NYC Marathon Training Week 15
Miles: 15.08 Deer, Snails, Bunnies Spotted: 5
I got an e-mail from the NYC Marathon today that reminded me that I will be standing in Staten Island in exactly 21 days. That’s just 3 weeks from today. H.O.L.Y. C.O.W. If I was pregnant (again), I would officially be the last trimester. You know, the uncomfortable, waiting, anticipating, freaking out stage. Yep.
Doesn’t help that I pretty much meh’d through the week. There was just something to do every.damn.night. for school, work, piano, scouts….ugh. After my esteem-building 20-miler last week, this week was very different. Sunday night I wasn’t feeling so hot – so I moved my Monday morning run to the evening. Even then, it was bleh. When my Garmin decided it would lose satellite signal on and off, I just sort of gave up fighting it. I had almost completed the loop in my neighborhood when it decided to tell me I had run 2 miles a 16:00/mile pace.

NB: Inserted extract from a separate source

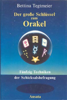 Tegtmeier, Bettina: Der große Schlüssel zum Orakel. Fünfzig Techniken der Schicksalsbefragung. Interlaken, Ansata-Vlg. Paul A. Zemp 1985. Gr.-8°. Mit 3 Farbtaf. u. zahlr. Textabb. 457 S., 3 Bl. OPpbd. mit OUmschl.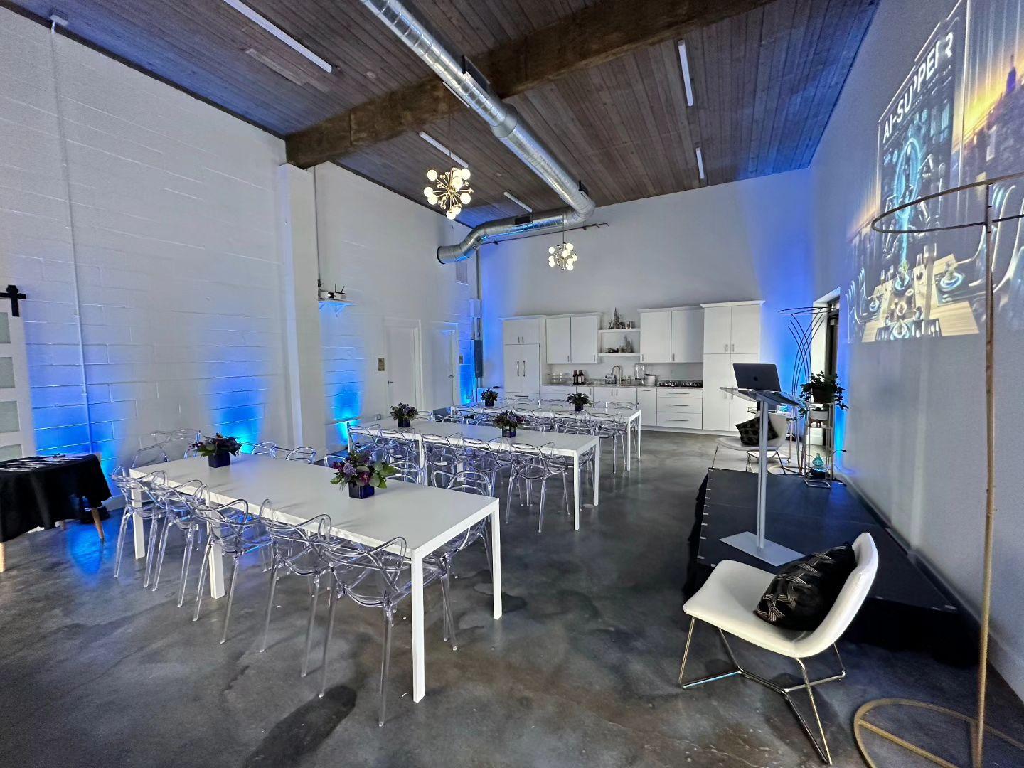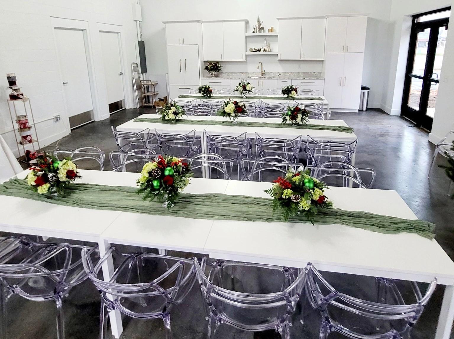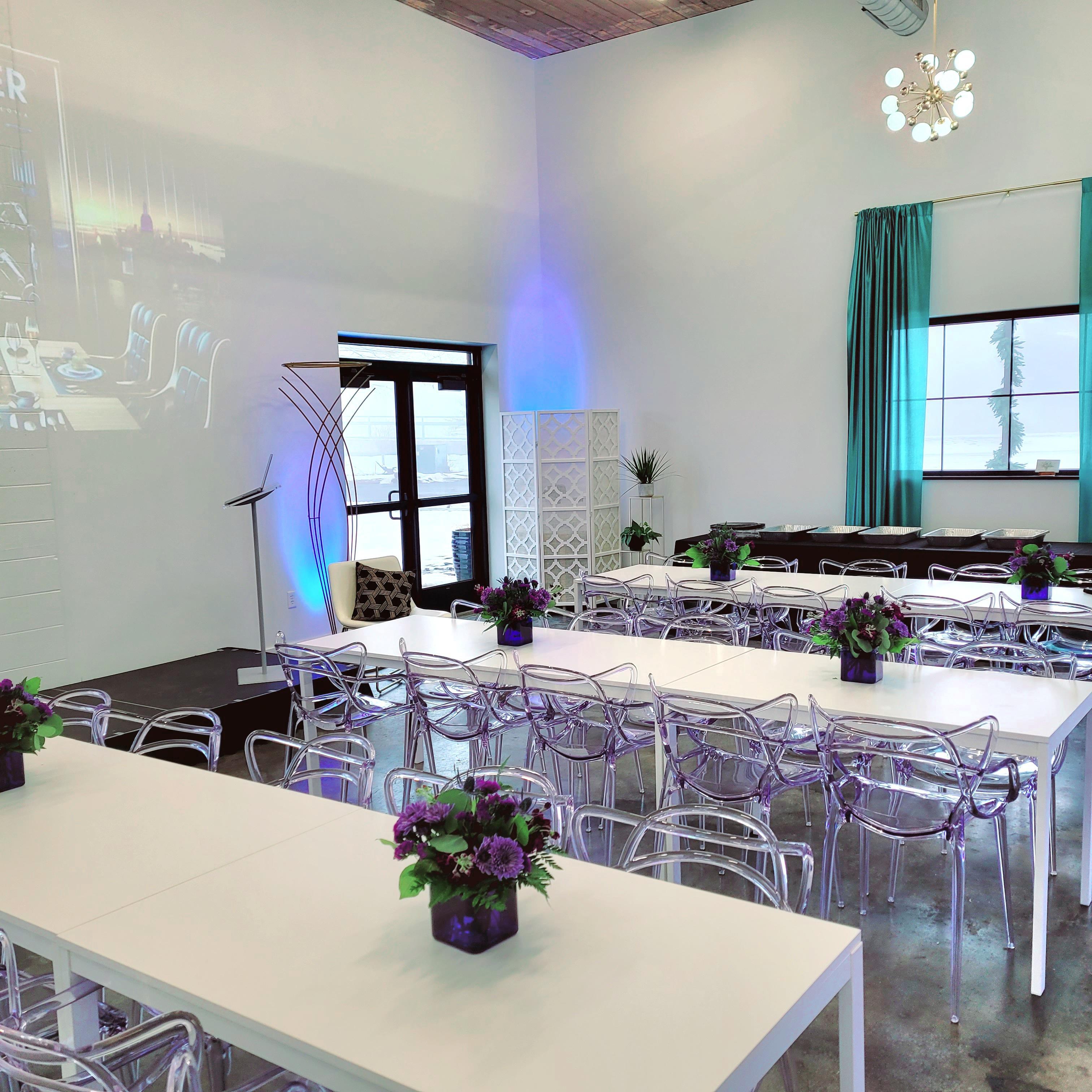 We offer a variety of amenities to make your event a success. From state-of-the-art audio and visual equipment to customizable lighting, we have everything you need to create the perfect atmosphere for your event. Complimentary rental items include table runners and balloon/floral stands. The room has a refrigerator with freezer, white tables, ghost chairs and two handicap accessible bathrooms.

I knew that was WAAAYYYY off (trust me, the loop, including 1 lap around the playground, is 3.29 miles….***every Monday for the last 15 weeks it has been 3.29 miles***….except this week….), so I just pitched the last 1/4 mile and walked it off.
Tuesday’s “fun workout” included 10 classes of teaching tempo (the speed of music) to elementary students using dancing, horse riding, and passing the ball games. Or, at least, that will have to count because I had to bail on my anticipated yoga class for yet another Girl Scout leader training. Yay me.

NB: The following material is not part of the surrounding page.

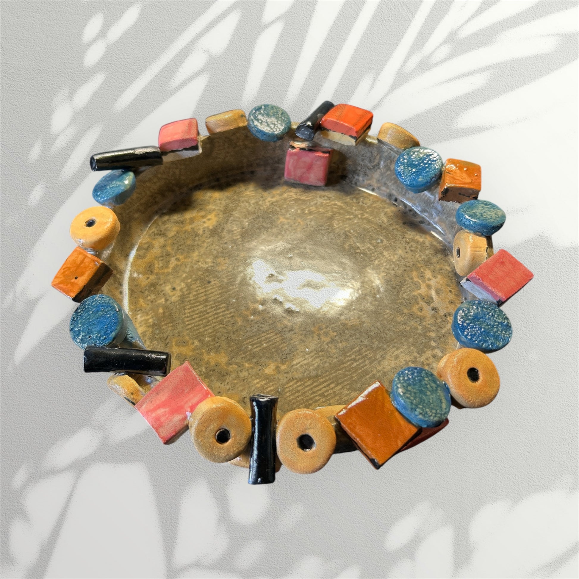 Et unikt håndlavet stentøjsfad med en blank, grå glasur med neuancer i midten og en sjov, farverig kant inspireret af klassisk lakridskonfekt.

I was actually looking forward to the run on Thursday, even though it was a 6 miles with 4 miles at a high speed. I confess: I managed to squeeze out 1 mile at tempo pace, then just slogged through at my normal slowish pace. I flirted with speeding every other mile, but alas, it was only a tease.
Everyone in the family had been looking forward to this weekend, as it was our very first camping trip with Lane’s Cub Scout troop – and our very first camping trip with the family. Now, I’ve been an on and off camper for years. I have my own equipment, nothing hard core. I usually camp with somewhere near running water. Not so with the boy scouts! We were directed to the “primitive campground”. There was hellacious traffic, so we got there 3 hours later than expected and had to set up in the dark. Double yay! By the time we got to into the tent, with a half-inflated air mattress, it was nearly midnight. (about 3 hours past my normal bedtime these days.) I stared at the tent walls, I turned, I stared, I turned. I switched from one half inflated mattress to the other somewhere around 1:30 a.m. I stared. Dozed. Stared. Waited for the alarm.
5 a.m. I turned the alarm off and decided that my night was too awful to try to head out for a run. Stared. Turned. Rolled over. Stared some more. Finally, I just decided to get it over with and got up at 5:30 a.m. No breakfast — had a GU, filled my water bottle and took off. Saw the train pass through the park, ran to the other campsites, past the “gatorhole”, saw a snake on the road, rabbits in the field, deer, horses, five snails trying to cross the road, and a horde of zealous mountain bikers all lined up to get in the park at 7 a.m.

I took a minute to watch the sunrise over the scrub brush, and thought about just how few people get to see even one sunrise per year, and I have been blessed to see at least one sunrise for the last 15 weeks in a row. I was slow, but happy that I headed out, and much more grounded because of if. I eeked out 8-miles before having to get back to camp to start the Cub Scout activities. I knew there would be plenty of hiking involved during the day, so I wasn’t worried about being a little short.

We camped, and cooked, and hiked, and bird watched, and dip netted, and did all things Scout. Even though my long run was slow with no sleep, no fuel, and 15,000 mosquitoes, it got done. Hopefully, marathon day will be much easier.